Consumer optimism withstands midterm elections

November 21, 2018
Contact: Bernie DeGroat bernied@umich.edu

ANN ARBOR—Consumer sentiment has remained largely unchanged at very favorable levels during 2018, with the November reading nearly at the center of the 11-month range from 95.7 to 101.4, according to the latest University of Michigan Surveys of Consumers.

Although the data recorded a within-month decline of 2.8 index points following the election, the drop was related more to income than political party, said U-M economist Richard Curtin, director of the surveys.

Among those with incomes in the bottom third of the distribution, the Sentiment Index rose by 10.4 points and fell by 6.6 points among those in the top third of the income distribution. In contrast, the Sentiment Index remained unchanged among Democrats and Republicans prior to and following the election. Overall, the latest data indicate that real consumer spending will advance at a 2.6-percent pace during 2019.

“Consumers’ interest rate expectations have always traced the outlines of economic cycles. As expansions lengthen, the number of consumers who expect interest rate increases gradually increases,” Curtin said. “After some threshold is reached, however, consumers in large numbers abruptly anticipate future declines in interest rates. Sales declines are then accelerated not only by falling job and income prospects but also from the expectation of falling interest rates.

“While there is no reason to anticipate a sudden change in interest rate expectations in the next few months, it is still an important task for the Fed to avoid hitting the threshold that causes widespread postponement of purchases.”

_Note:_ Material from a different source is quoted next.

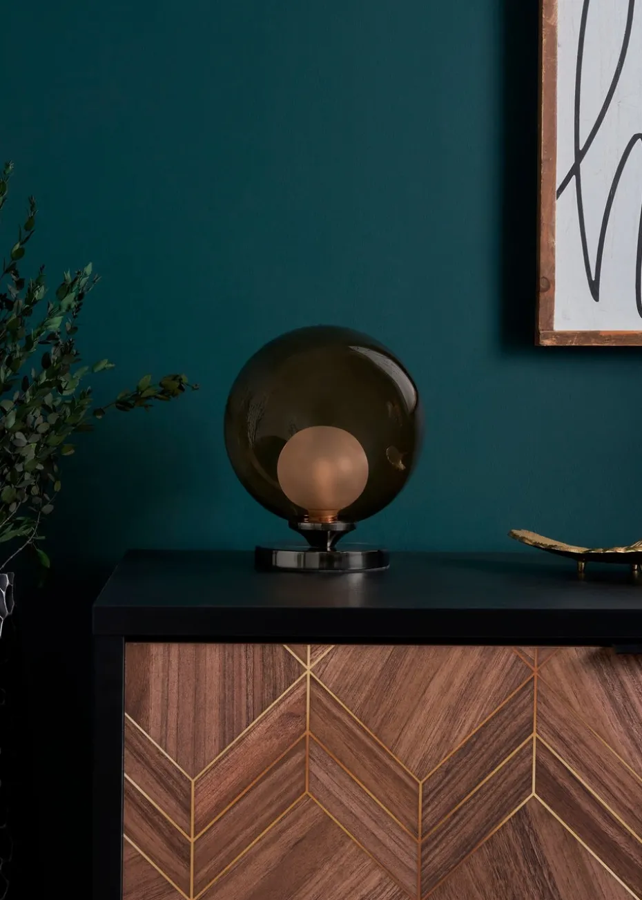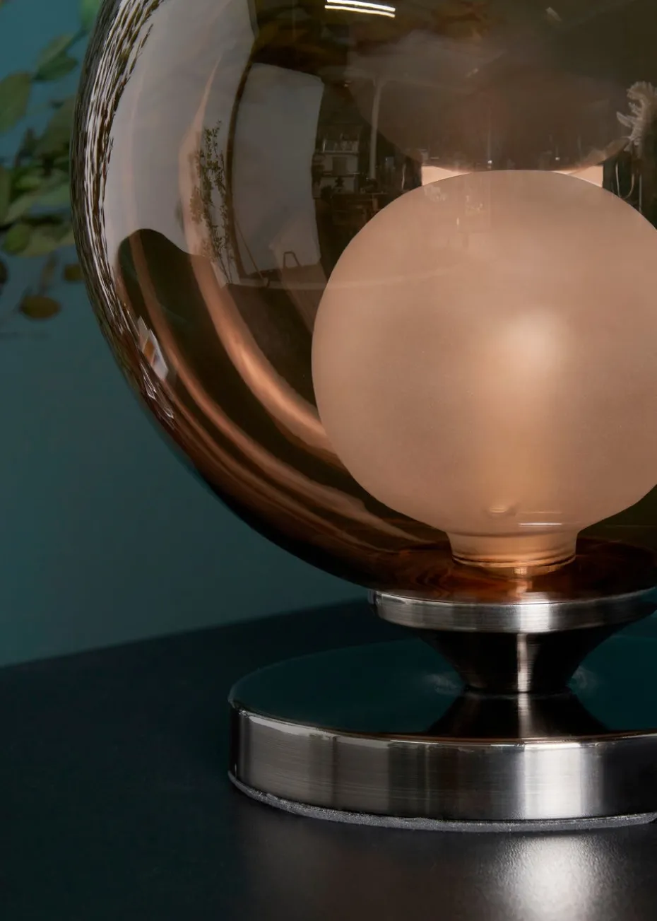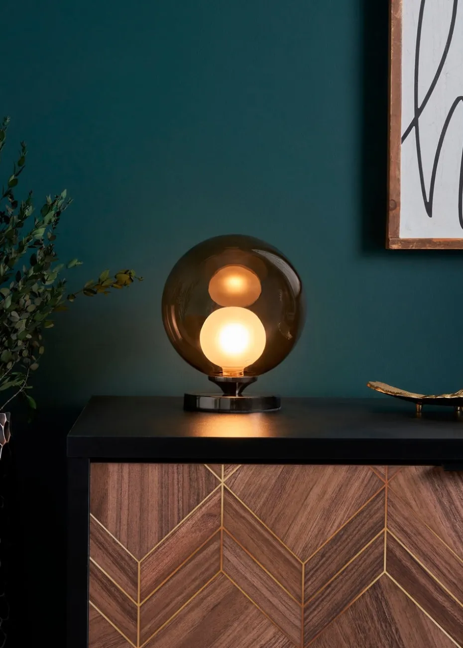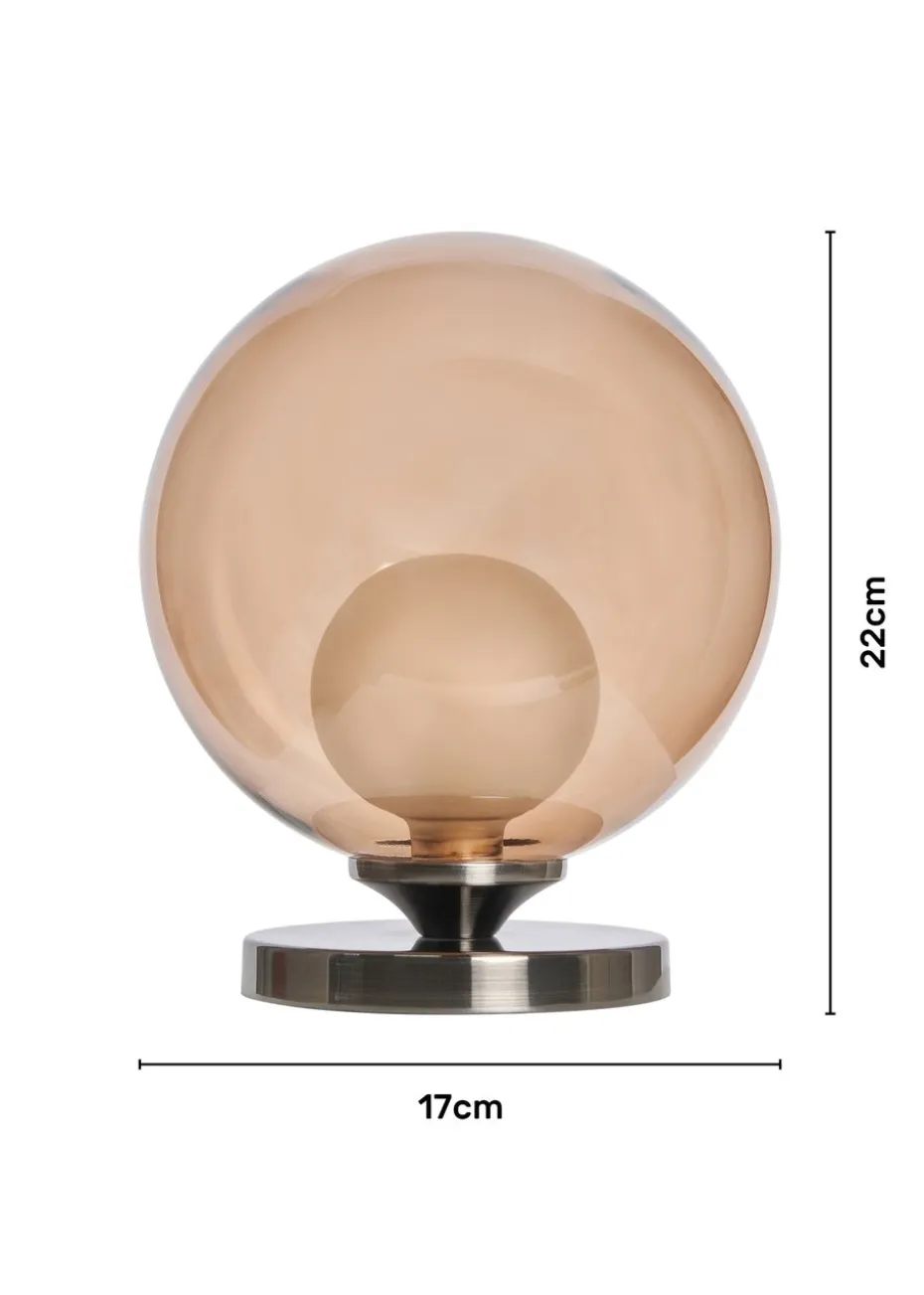 Add a touch of contemporary elegance to your space with the BHS FLOURINA Black Chrome Touch Table Lamp. Featuring a sleek black chrome base and a striking mink glass ball encased in a matching ball-shaped shade, this lamp exudes modern sophistication and timeless style. The beautiful mink glass creates a warm, inviting glow, making it perfect for creating a cozy and refined atmosphere in any room. Requires 1 x G9 bulb, not included. Height 22cm x Width 17cm.
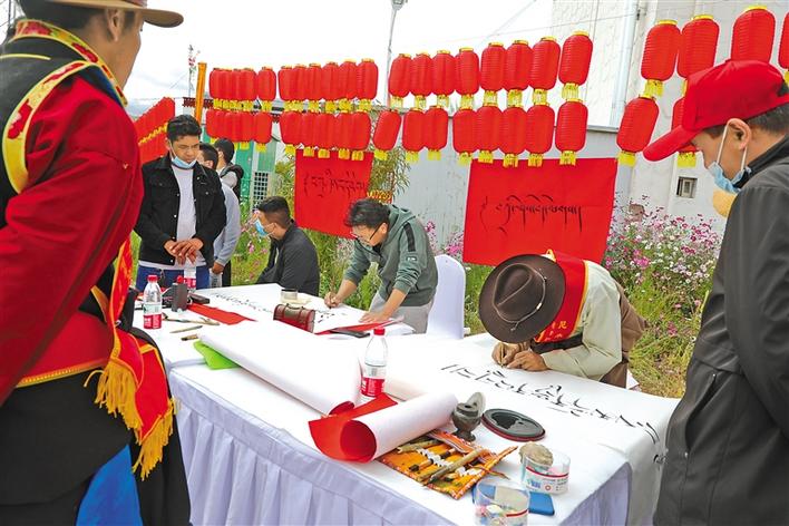 尼木縣書法愛好者揮毫潑墨寄托祝福。格桑倫珠 黃志武 攝

Personal Finances Remain Positive
Just over half of all consumers reported that their finances had recently improved, with 23 percent mentioning net income gains in November, up from 18 percent last November. Net income increases were sharply reduced among consumers with incomes in the top third, falling to 29 percent in November from last December’s 52 percent.

When asked about expected gains in nominal incomes during the year ahead, an increase of 2.5 percent was expected across all consumers, equal to the highest level in the past decade, which was first recorded in June 2018. Among those in the prime working age range from 25 to 54, an income gain of 3.4 percent was expected for the year ahead.

Buying Plans Weaken
Favorable vehicle-buying attitudes remained at the same five-year low recorded last month. Consumers made as many favorable as unfavorable references to prices, and low net interest rates on vehicle purchases were mentioned by one-third of last year’s total. Favorable home-buying conditions remained at depressed levels, as favorable references to mortgage rates fell by more than half compared with last November.

Overall, the growing negative reactions to interest rates will act to reduce the number of homes and vehicle sales in the year ahead.

Consumer Sentiment Index
The Consumer Sentiment Index was 97.5 in the November 2018 survey, just below October’s 98.6 and last November’s 98.5. The Expectations Index was 88.1 in November, just below 89.3 in October and last November’s 88.9. The Current Conditions Index declined slightly to 112.3 in November from 113.1 in October and last November’s 113.5.

About the Surveys
The Surveys of Consumers is a rotating panel survey based on a nationally representative sample that gives each household in the coterminous U.S. an equal probability of being selected. Interviews are conducted throughout the month by telephone. The minimum monthly change required for significance at the 95-percent level in the Sentiment Index is 4.8 points; for Current and Expectations Index the minimum is 6 points.